%%

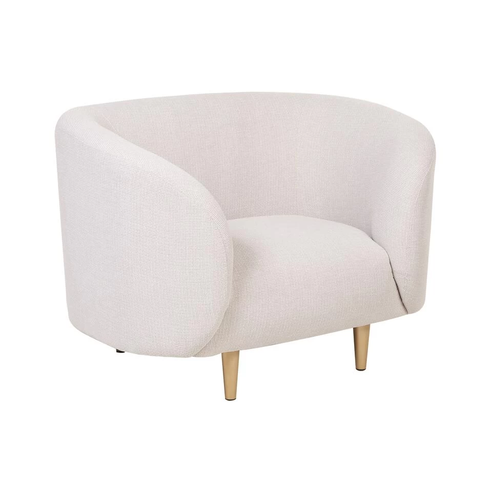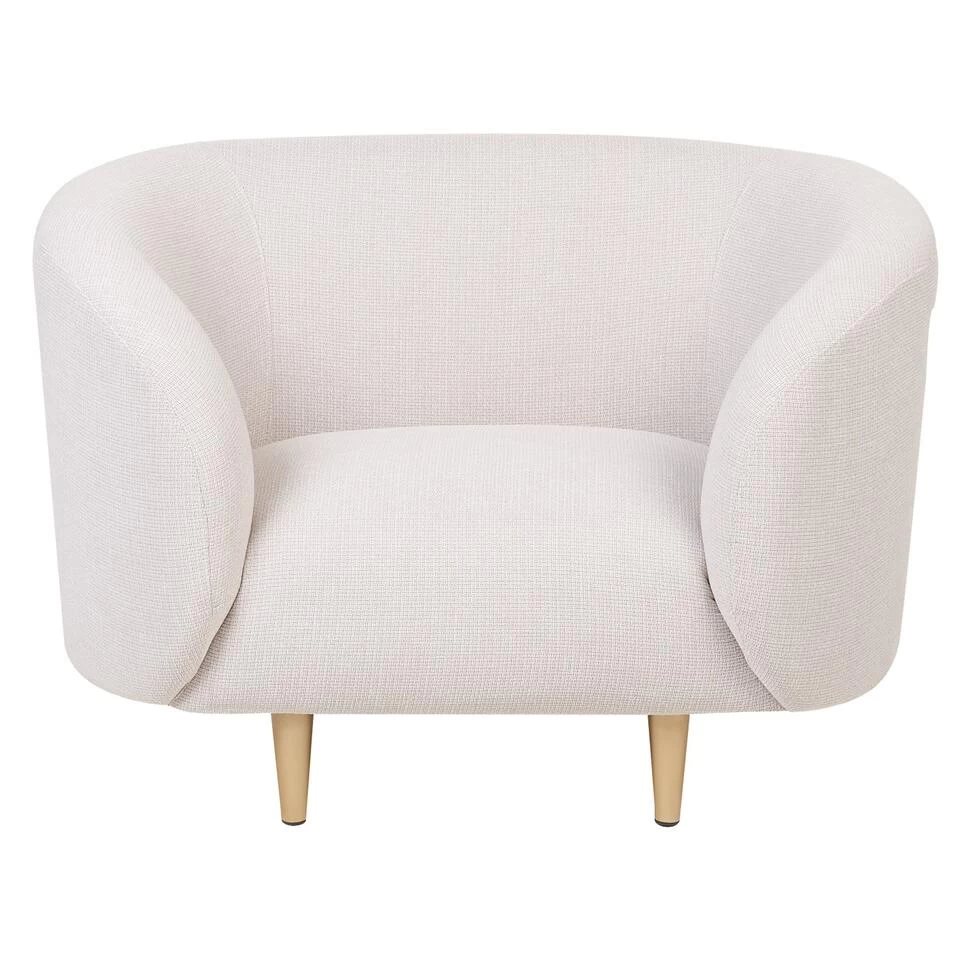 Klassieke art deco zetel. Deze prachtige fauteuil straalt een luxe gevoel uit, van de gouden poten tot de zachte rondingen van het gestoffeerde silhouet. De stof ziet en voelt aangenaam zacht en pluizig aan, wat een uitnodigende uitstraling aan de ruimte geeft. De dik beklede zitting biedt een comfortabele zitplaats, waardoor het de perfecte plek is om te lezen of ’s avonds laat te genieten van tv. Het zachte ontwerp van de zetel zal perfect passen bij interieurs in eclectische, traditionele of mid century stijl.
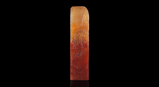 【石質】:作品質地結晶,屬高山水洞硃砂凍,色分紅橙黃三色,反光中,猶如玻璃。加上印章中間以下部分硃砂的存在,粒粒硃砂似欲透體而出。艷紅硃砂和橙黃色相,色澤明麗高雅,嬌豔通透,相當養眼。作品晶瑩通靈,那真是難得又讓人陶醉。細膩光澤的手感,石性密結,這類如此出彩的高山水洞硃砂,這種美物 過去是價高不可昂視的東西,體現出壽山石中最極致頂好的存在。也是小堂收藏之中,最好的水洞硃砂,作品令敝人愛不釋手,其他具體請君見圖自鑑好了。
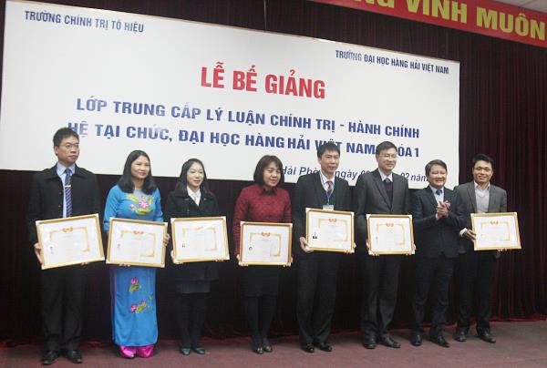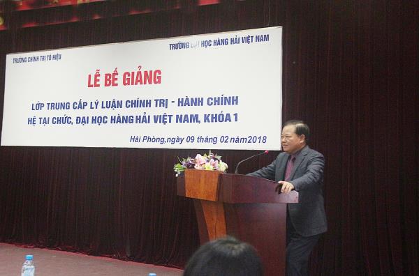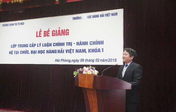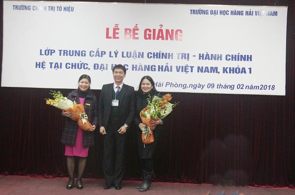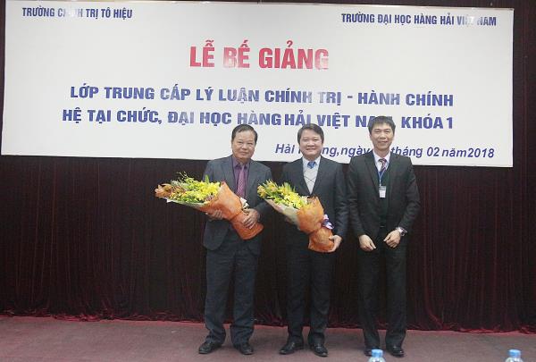 Sáng 09/02/2018, tại Trường Đại học hàng hải Việt Nam, Trường Chính trị Tô Hiệu đã phối hợp với Đảng ủy Trường Đại học Hàng hải Việt Nam tổ chức Lễ bế giảng Lớp Trung cấp lý luận chính trị - hành chính, hệ tại chức, Đại học Hàng hải Việt Nam, khóa 1. Tham dự buổi Lễ có các đồng chí: Nguyễn Văn Kính - Phó Bí thư Đảng ủy, Phó Hiệu Trưởng Trường Chính trị Tô Hiệu; Nguyễn Văn Hiểu - Phó Hiệu Trưởng Trường Chính trị Tô Hiệu; Lương Công Nhớ - Bí thư Đảng ủy, Hiệu trưởng Trường Đại học Hàng hải Việt Nam; Hoàng Văn Thủy - Phó Bí thư Đảng ủy Trường Đại học Hàng Hải Việt Nam, Trưởng ban chỉ đạo lớp học; đại diện lãnh đạo Công đoàn Trường Đại học Hàng Hải Việt Nam và các đơn vị khoa, phòng hai nhà trường cùng toàn thể học viên của Lớp.

%%

No picture should be included when the data are set down again exactly.

* _Answer to this problem_:
 Klassieke art deco zetel. Deze prachtige fauteuil straalt een luxe gevoel uit, van de gouden poten tot de zachte rondingen van het gestoffeerde silhouet. De stof ziet en voelt aangenaam zacht en pluizig aan, wat een uitnodigende uitstraling aan de ruimte geeft. De dik beklede zitting biedt een comfortabele zitplaats, waardoor het de perfecte plek is om te lezen of ’s avonds laat te genieten van tv. Het zachte ontwerp van de zetel zal perfect passen bij interieurs in eclectische, traditionele of mid century stijl.
 【石質】:作品質地結晶,屬高山水洞硃砂凍,色分紅橙黃三色,反光中,猶如玻璃。加上印章中間以下部分硃砂的存在,粒粒硃砂似欲透體而出。艷紅硃砂和橙黃色相,色澤明麗高雅,嬌豔通透,相當養眼。作品晶瑩通靈,那真是難得又讓人陶醉。細膩光澤的手感,石性密結,這類如此出彩的高山水洞硃砂,這種美物 過去是價高不可昂視的東西,體現出壽山石中最極致頂好的存在。也是小堂收藏之中,最好的水洞硃砂,作品令敝人愛不釋手,其他具體請君見圖自鑑好了。
 Sáng 09/02/2018, tại Trường Đại học hàng hải Việt Nam, Trường Chính trị Tô Hiệu đã phối hợp với Đảng ủy Trường Đại học Hàng hải Việt Nam tổ chức Lễ bế giảng Lớp Trung cấp lý luận chính trị - hành chính, hệ tại chức, Đại học Hàng hải Việt Nam, khóa 1. Tham dự buổi Lễ có các đồng chí: Nguyễn Văn Kính - Phó Bí thư Đảng ủy, Phó Hiệu Trưởng Trường Chính trị Tô Hiệu; Nguyễn Văn Hiểu - Phó Hiệu Trưởng Trường Chính trị Tô Hiệu; Lương Công Nhớ - Bí thư Đảng ủy, Hiệu trưởng Trường Đại học Hàng hải Việt Nam; Hoàng Văn Thủy - Phó Bí thư Đảng ủy Trường Đại học Hàng Hải Việt Nam, Trưởng ban chỉ đạo lớp học; đại diện lãnh đạo Công đoàn Trường Đại học Hàng Hải Việt Nam và các đơn vị khoa, phòng hai nhà trường cùng toàn thể học viên của Lớp.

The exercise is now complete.